No era hombre de oír callado, pero al «coronel» no podía contestarle. ¿No lo había llevado él, hacía tiempo, a Ilhéus, para pegarle fuego a unos diarios, cosa muy divertida, y no lo recompensó bien, acaso? ¿Y no le había dicho que el tiempo de los barullos estaba volviendo, tiempos buenos para los hombres de coraje y de puntería, así como el negro Fagundes? Mientras esperaba, iba recogiendo cacao, bailando sobre los granos puestos a secar en las barcazas, sudando en la estufa, cubriéndose de miel los pies. Estaban tardando esos anunciados barullos, aquella hoguera en la ciudad no había alcanzado ni para calentarlo. Aun así había sido bueno, había podido ver el movimiento, andar en camión, disparar unos tiros al aire sólo para asustar, y había podido poner los ojos en Gabriela apenas llegara. Iba pasando por enfrente de un bar, y oyó reír, sólo podía tratarse de ella. Lo llevaban a una casa en la que debía quedar hasta la hora de cumplir su misión. El muchacho que los conducía, el «Rubio», de sobrenombre, había respondido a su pregunta:

—Es la cocinera del árabe, un pedazo de azúcar…

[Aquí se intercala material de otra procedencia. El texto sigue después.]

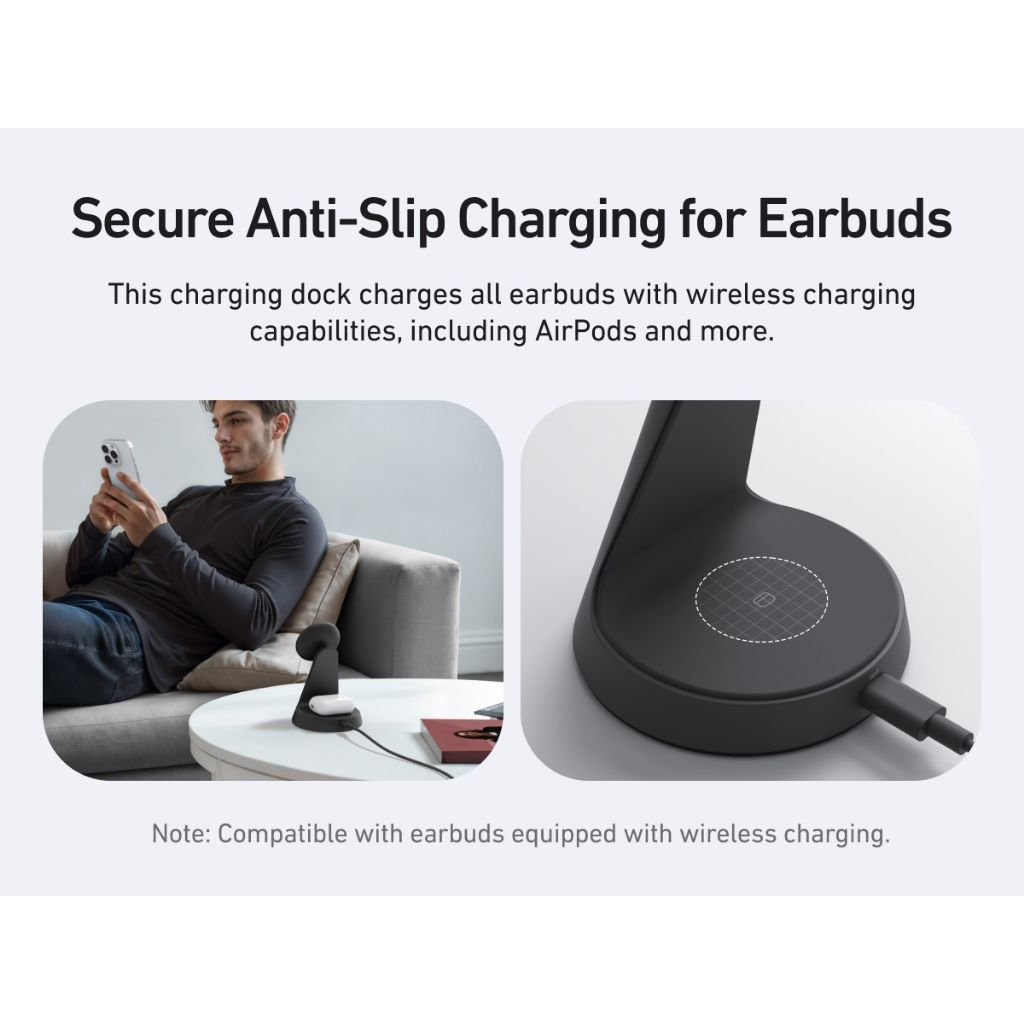 Đế sạc còn tích hợp một khu vực sạc không dây ở phần chân đế, được thiết kế để sạc AirPods và các tai nghe không dây khác có hỗ trợ chuẩn Qi với công suất tối đa 5W. Bạn chỉ cần đặt hộp sạc AirPods lên là quá trình sạc sẽ tự động bắt đầu.

El negro Fagundes había disminuido el paso, atrasándose para espiarla.

El «Rubio» lo apuraba, enojado:

—Vamos, negro. No se muestre así, sino arruina el plan. Vamos, rápido.

Al volver a la estancia, en la noche salpicada de estrellas, cuando el sonido del acordeón lloraba en la soledad, le había contado a Clemente. La luz roja del farol creaba imágenes en la negrura de las plantas, ellos veían el rostro de Gabriela, su cuerpo bailando, las piernas largas, los pies caminadores.

—Estaba linda que había que ver…

—¿Trabaja en un bar?

—Cocina para el bar. Le trabaja a un turco, un gordo con cara de buey. ¡Estaba hecha una elegancia!, metida en unas chinelas, lavada y fresca. Mal podía ver a Clemente a la luz del farol, oyéndolo inclinado, callado y pensativo.

—Estaba riendo cuando yo pasé. Riendo con un tipo, un ricacho de ésos. ¿Sabes una cosa, Clemente? Tenía una rosa en la oreja; nunca vi cosa igual. Una rosa en la oreja, Gabriela perdida en la luz del farol…

Clemente se cierra como en un caparazón de tortuga.

—Me metieron en los fondos de la casa del «coronel». Vi a su mujer, una persona enferma, que parecía una imagen. También vi a la hija, desparrama belleza, que es un contento, pero ¡orgullosa!, pasaba por delante de uno sin mirar siquiera. Pero lindura de mujer como Gabriela te digo, Clemente, que no hay otra, no. ¿Qué es lo que ella tiene, Clemente? ¿Me puedes decir?

¿Qué es lo que tenía? ¿Cómo iba a saberlo? No había servido para nada dormir con ella, recostada sobre su pecho, en las noches de camino, de «sertão», de «caatinga», últimamente, de los prados verdes. Nada aprendió, nunca supo nada. Pero alguna cosa tenía, algo que hacía imposible olvidarla. ¿El color de canela? ¿El perfume del clavo? ¿El modo de reír? ¿Cómo iba a saberlo? Un calor tenía, que quemaba la piel, quemaba por dentro, como una hoguera.

—Fue una fogarada de papel, se quemó todo en un instante. Yo estaba queriendo ir a ver a Gabriela, conversar un rato con ella. Pero no hubo forma, a pesar de lo mucho que yo quería.

—¿No la viste más?

La luz del farol lamía la sombra, la noche aumentaba sin Gabriela. Llorar de perros, chistar de lechuzas, silbido de cobras. En el silencio persistía la nostalgia de los dos. El negro Fagundes agarró el farol, y se fue a dormir. En la sombra de la noche, inmensa y solitaria, el mulato Clemente recogió a Gabriela. Su rostro sonriente, sus pies andariegos, sus muslos morenos, los senos erguidos, el vientre nocturno, su perfume a clavo, su color de canela. La tomó en los brazos, la llevó para su cama hecha con varas. Se acostó con ella, reclinada en su pecho.